In reply to: Neil Conway (#5)

Re: Optimizing COPY with SIMD

On Wed, Jun 05, 2024 at 01:46:44PM -0400, Neil Conway wrote:

We could go further and use the same code to handle both the tail of the
string in the vectorized case and the entire string in the non-vectorized
case, but I didn't bother with that -- as written, it would require taking
an unnecessary strlen() of the input string in the non-vectorized case.

For pg_lfind32(), we ended up using an overlapping approach for the
vectorized case (see commit 7644a73). That appeared to help more than it
harmed in the many (admittedly branch predictor friendly) tests I ran. I
wonder if you could do something similar here.

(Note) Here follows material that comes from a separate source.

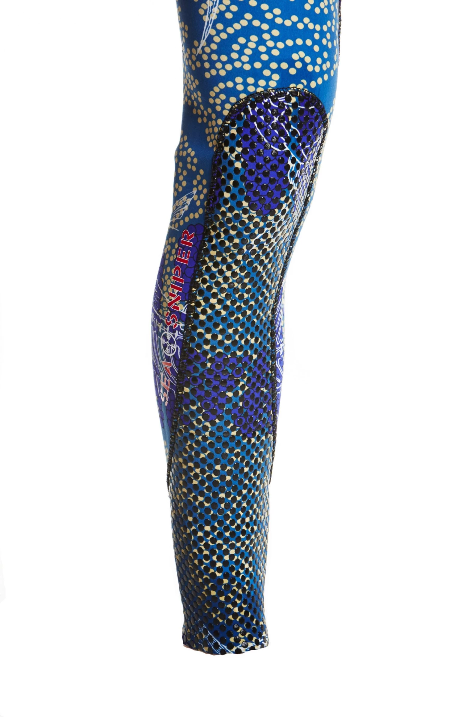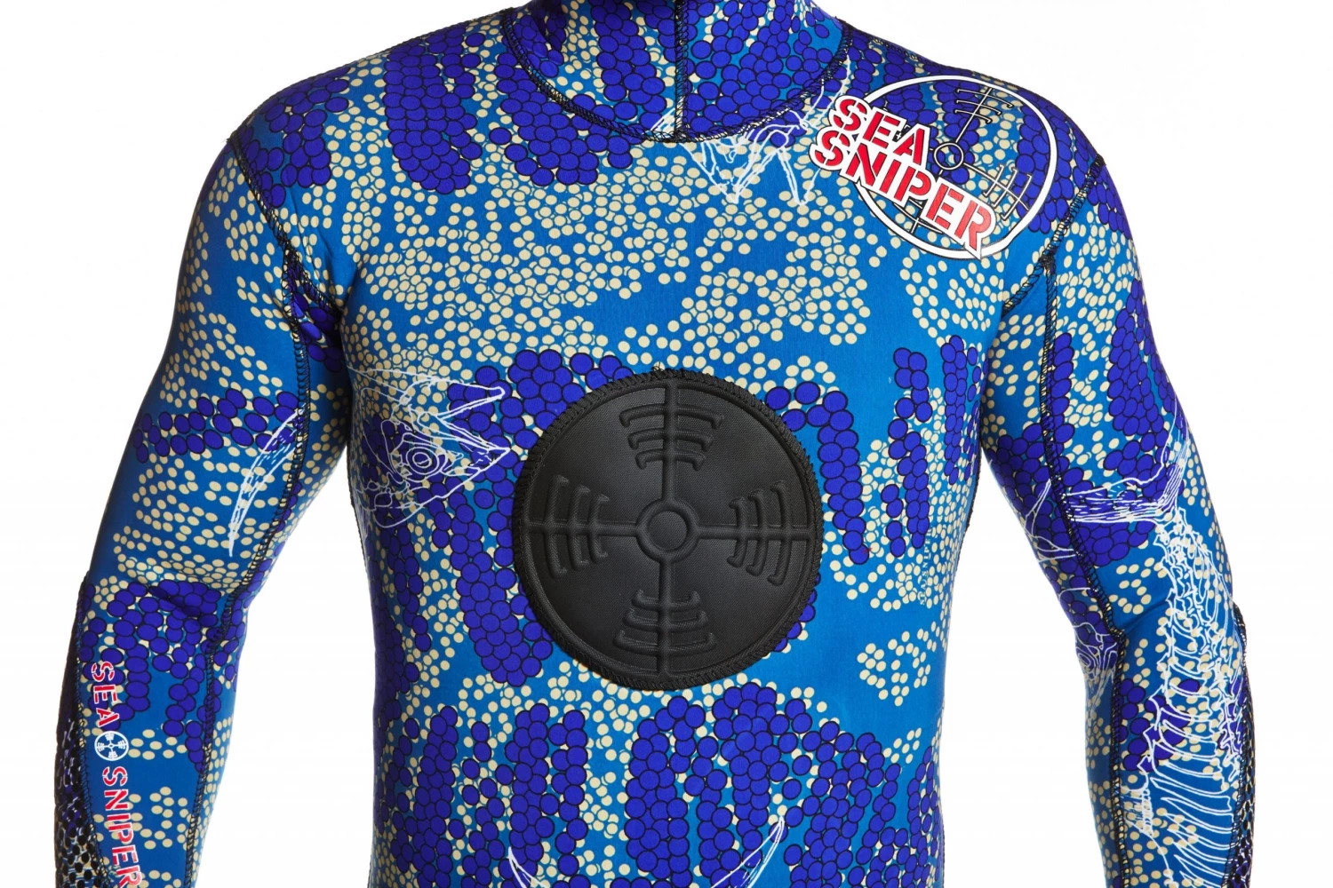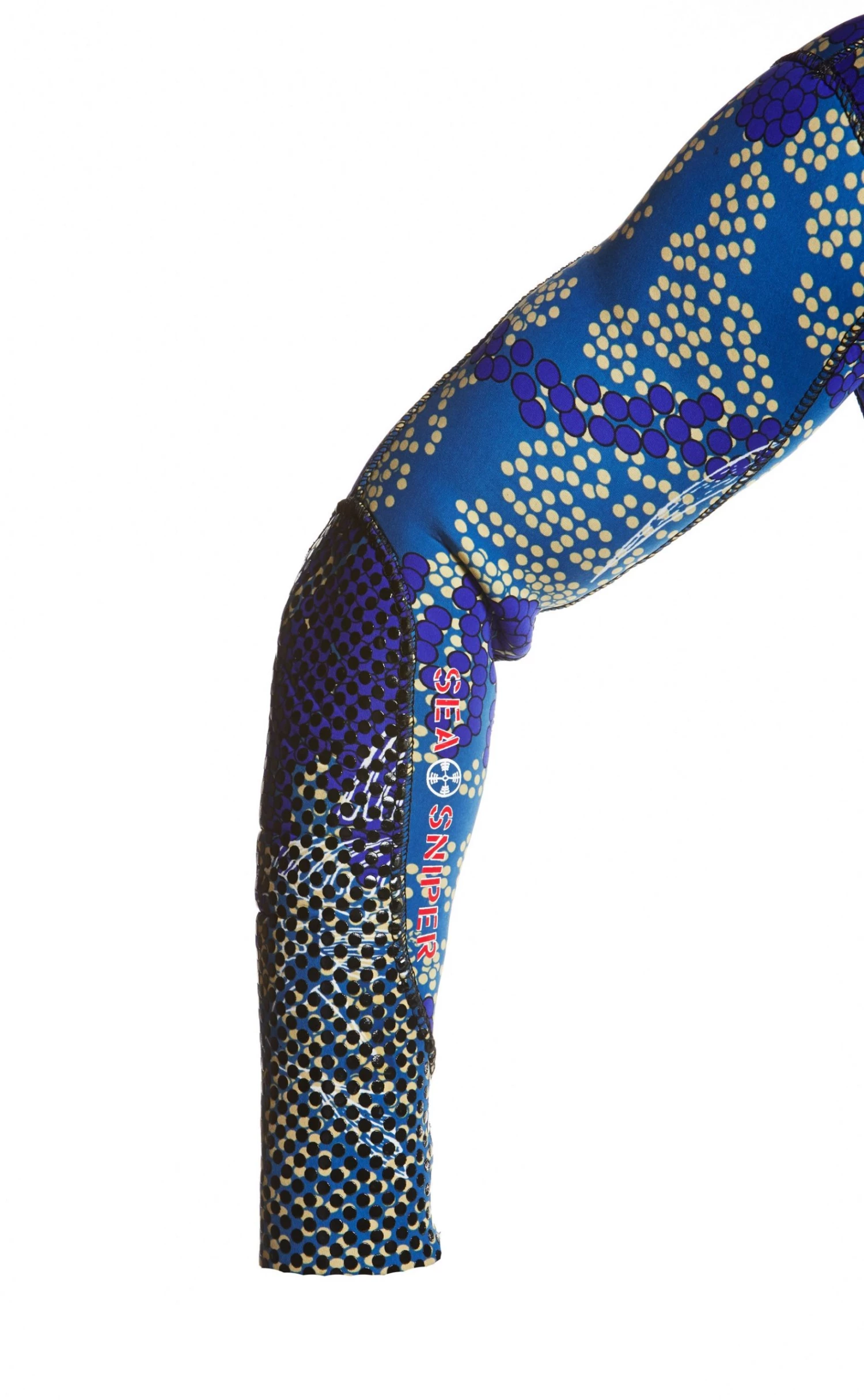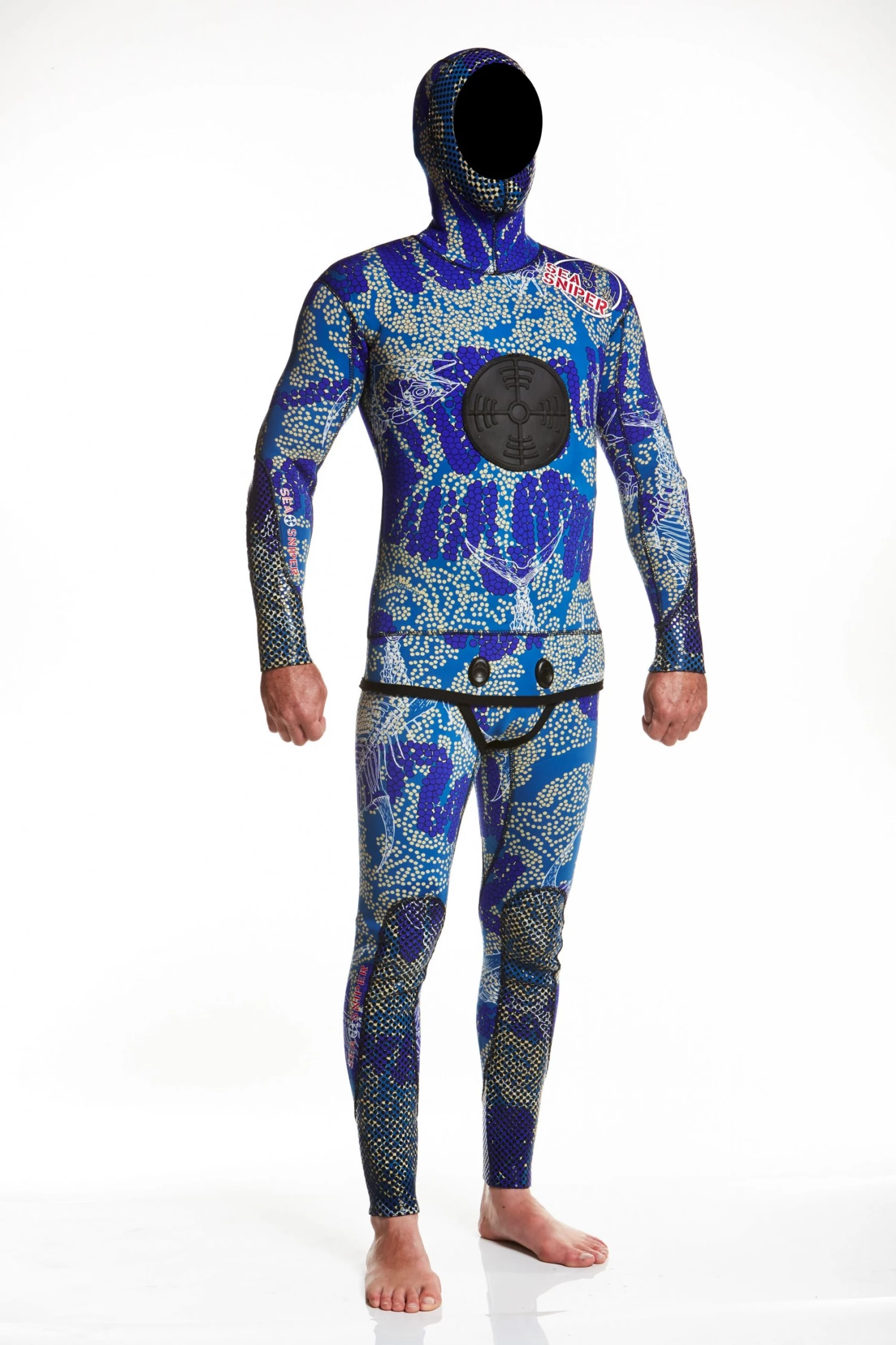 3mm Blue Camo with Yellowfin Tuna Skeletons. Features Yamamoto 39 Rubber 2 Piece Farmer John Design Custom Camo by Amadeo Bachar Scope Logo Loading Pad Ergonomic Knee and Elbow Panels. Durable Polyurethane Reinforcement Panels

Looks like there is a slight regression for short attribute values, but I
think the tradeoff is a net win.

It'd be interesting to see the threshold where your patch starts winning.
IIUC the vector stuff won't take effect until there are 16 bytes to
process. If we don't expect attributes to ordinarily be >= 16 bytes, it
might be worth trying to mitigate this ~3% regression. Maybe we can find
some other small gains elsewhere to offset it.

--
nathan

Neil Conway

neil.conway@gmail.com

over 1 year ago

In reply to: Nathan Bossart (#6)

6 attachment(s)

Re: Optimizing COPY with SIMD

On Wed, Jun 5, 2024 at 3:05 PM Nathan Bossart <nathandbossart@gmail.com>
wrote:

For pg_lfind32(), we ended up using an overlapping approach for the
vectorized case (see commit 7644a73). That appeared to help more than it
harmed in the many (admittedly branch predictor friendly) tests I ran. I
wonder if you could do something similar here.

I didn't entirely follow what you are suggesting here -- seems like we
would need to do strlen() for the non-SIMD case if we tried to use a
similar approach.

It'd be interesting to see the threshold where your patch starts winning.

IIUC the vector stuff won't take effect until there are 16 bytes to
process. If we don't expect attributes to ordinarily be >= 16 bytes, it
might be worth trying to mitigate this ~3% regression. Maybe we can find
some other small gains elsewhere to offset it.

For the particular short-strings benchmark I have been using (3 columns
with 8-character ASCII strings in each), I suspect the regression is caused
by the need to do a strlen(), rather than the vectorized loop itself (we
skip the vectorized loop anyway because sizeof(Vector8) == 16 on this
machine). (This explains why we see a regression on short strings for text
but not CSV: CSV needed to do a strlen() for the non-quoted-string case
regardless). Unfortunately this makes it tricky to make the optimization
conditional on the length of the string. I suppose we could play some games
where we start with a byte-by-byte loop and then switch over to the
vectorized path (and take a strlen()) if we have seen more than, say,
sizeof(Vector8) bytes so far. Seems a bit kludgy though.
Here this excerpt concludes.